The distributed database system may implement a callback server at an application node in a variety of ways. In one implementation, each application node has a callback server configured to receive callback requests made by the central data server to the data cache to request the return of data items that are needed elsewhere. The callback server is configured such that when a callback request for a particular data item is received, if the particular data item is not being used by any current transactions, and was not used by any transactions whose changes have not been forwarded to the central data server, the application node removes the particular data item from the data cache immediately.
It is appreciated that the central data server may be configured to make downgrade requests to the data caches to request the downgrading of data items that are needed elsewhere from write to read access. In one approach to implementing this feature, the callback server is configured such that when a downgrade request for a particular data item is received, if the particular data item is not being used for write access by any current transactions, and was not used for write access by any transactions whose changes have not been forwarded to the central data server, the application node downgrades the particular data item from write to read access.
Further, the data cache of the application node may include a lock manager, with the callback server being configured such that when a callback request for a particular data item is received, if the particular data item is being used by any current transactions, an access request is queued in the lock manager.
There are many advantages associated with embodiments of the invention. For example, the write caching mechanism in embodiments of the invention may achieve scaling for database access for online game and virtual world applications where database latency must be minimized and writes are frequent. The advantage provided over existing approaches is to avoid network latencies for database modifications so long as data accesses display locality of reference. Previous approaches have not provided significant speed ups for data modifications, only for data reads.
The following description is for an example embodiment of the invention. Other embodiments are possible. Accordingly, all of the following description is exemplary, and not limiting.
In this embodiment, the idea is to cache data locally, including modified data, so long as it is only being used by the local node. If local modifications need to be made visible to another application node, because the node wants to access the modified data, then all local changes need to be flushed back to the central server, to insure consistency.
This scheme avoids network latency so long as the system can arrange for transactions that modify a particular piece of data to be performed on the same node. It avoids the need for explicit object migration: objects will be cached on demand by the local node. It also permits adding and removing application nodes, and avoids the need for redundancy and backup, since the only unique data stored on application nodes are pending updates that the system is willing to lose in case of a node failure.
ArchitectureAs best shown in
When an application node 12 asks the data cache 14 for access to an item, the cache 14 first checks to see if the item is present. If the item is present and is not being used in a conflicting mode (write access by one transaction blocks all other access), then the cache 14 provides the item to the application immediately. If a conflicting access is being made by another transaction, the access request is queued in the data cache's lock manager and blocked until all current transactions with conflicting access, as well as any other conflicting accesses that appear earlier in the queue, have completed.
If the item is not present in the cache 14, or if write access is needed but the item is only cached for read, then the data cache 14 contacts the data server 16 to request the desired access.
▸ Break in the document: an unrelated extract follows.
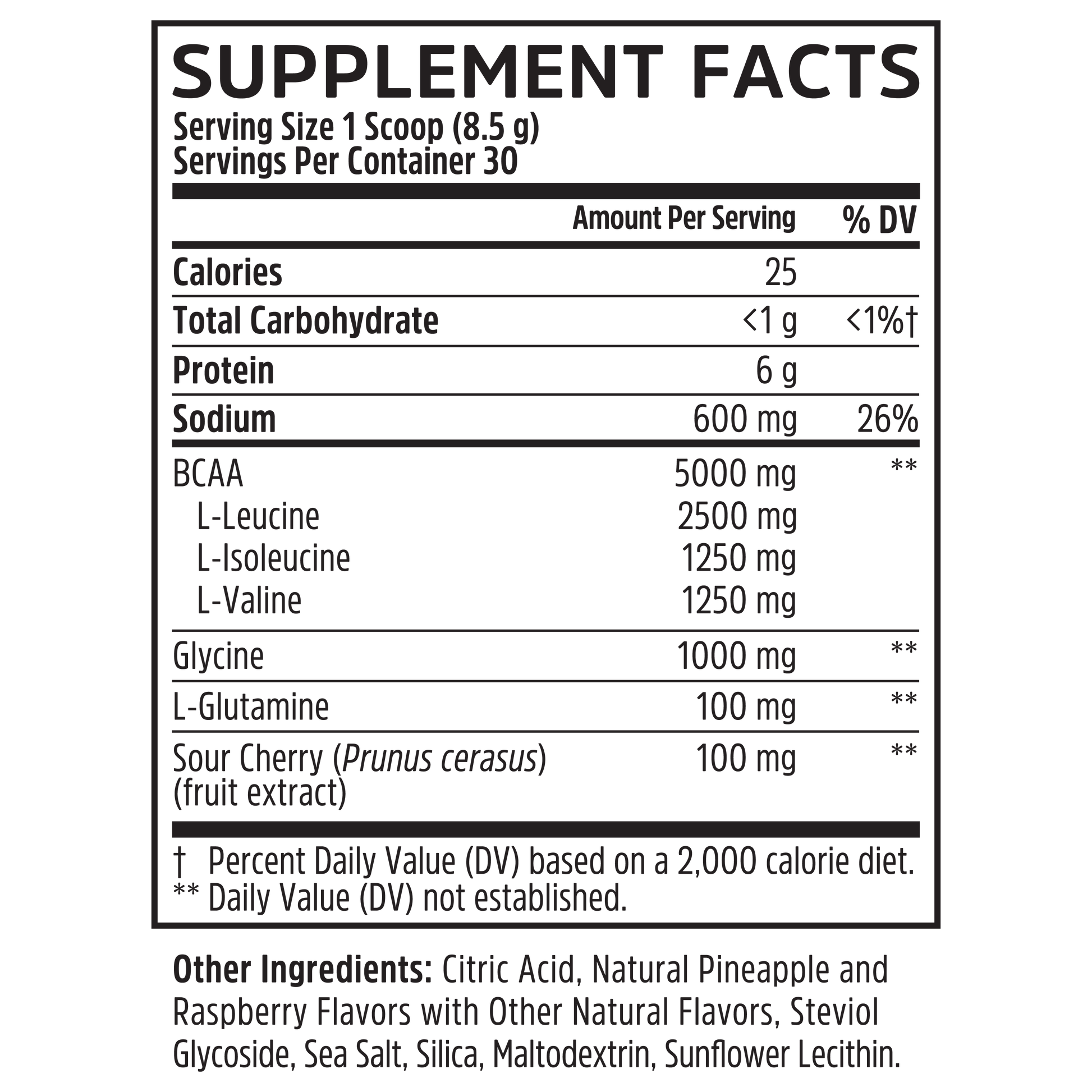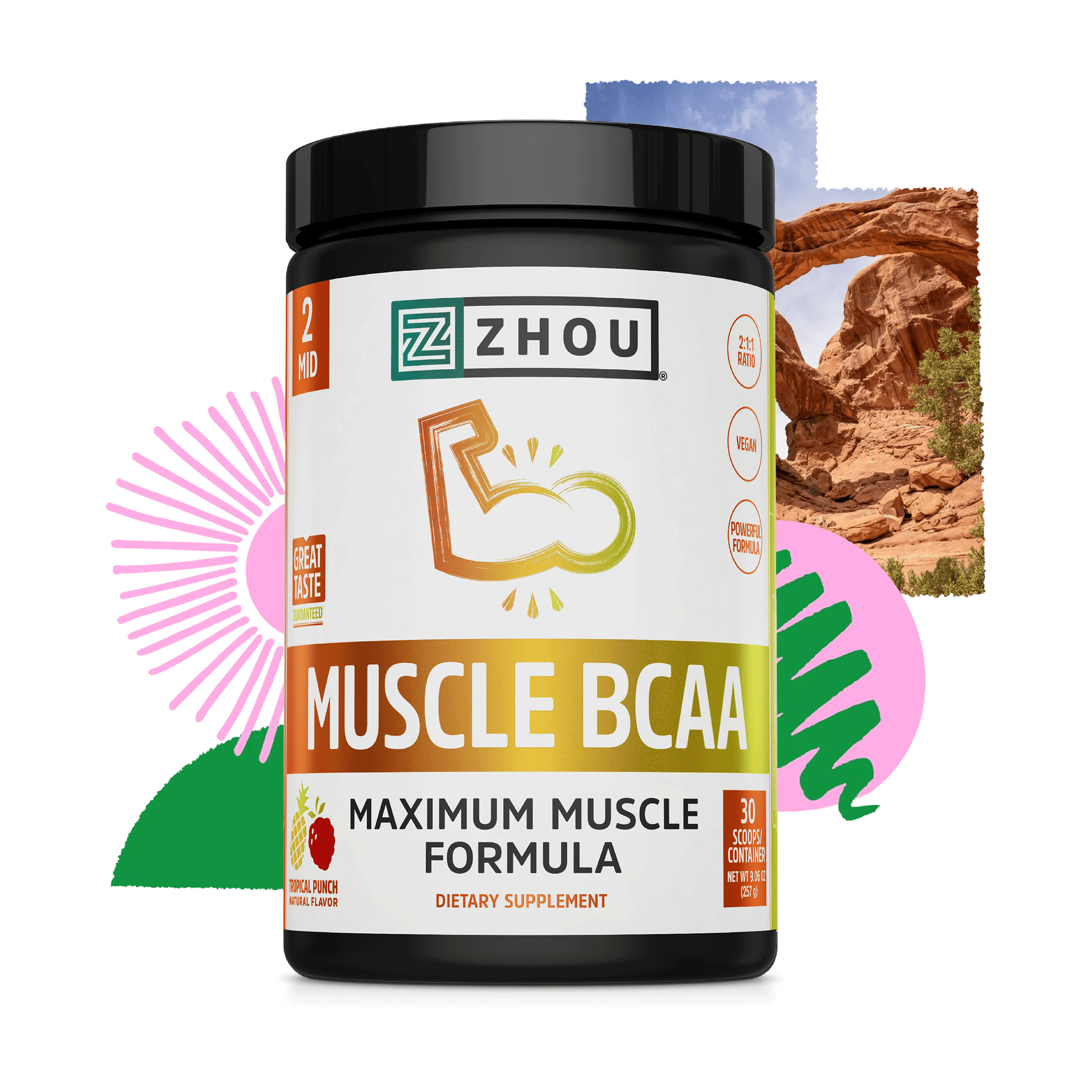 This one’s for the gym rats, the title chasers and the sweat connoisseurs. Muscle BCAA is a vegan 2:1:1 ratio BCAA formula designed to keep you fueled while supporting healthy muscle recovery. Amino acids are often sourced from poultry and duck feathers, but Muscle BCAA only uses high quality amino acids sourced from plants. We've also added 1 billion CFU/g of Bacillus coagulans for a probiotic boost, vitamin C and tart cherry for antioxidant support, and coconut water powder to hydrate and replenish. Just drink, recover and repeat.

The request either returns the requested access, or else throws an exception if a timeout or deadlock occurred. If additional transactions request an item for reading from the cache 14 while an earlier read request to the server 16 is pending, the additional access waits for the results of the original request, issuing an additional request as needed if the first one fails.
Because data stored in the data cache 14 can be used by multiple transactions on the application node 12, requests to the data server 16 are not made on behalf of a particular transaction. The lack of a direct connection between transactions and requests means there is a need to decide how to specify the timeout for a request. One possibility would be to provide a specific timeout for each request, based on the time remaining in the transaction that initiated the request. Another approach would be to use a fixed timeout, similar to a standard transaction timeout, and to better model the fact that a request may be shared by multiple transactions. The second approach would increase the chance that a request would succeed so that its results could be used by other transactions on the application node 12, even if the transaction initiating the request had timed out.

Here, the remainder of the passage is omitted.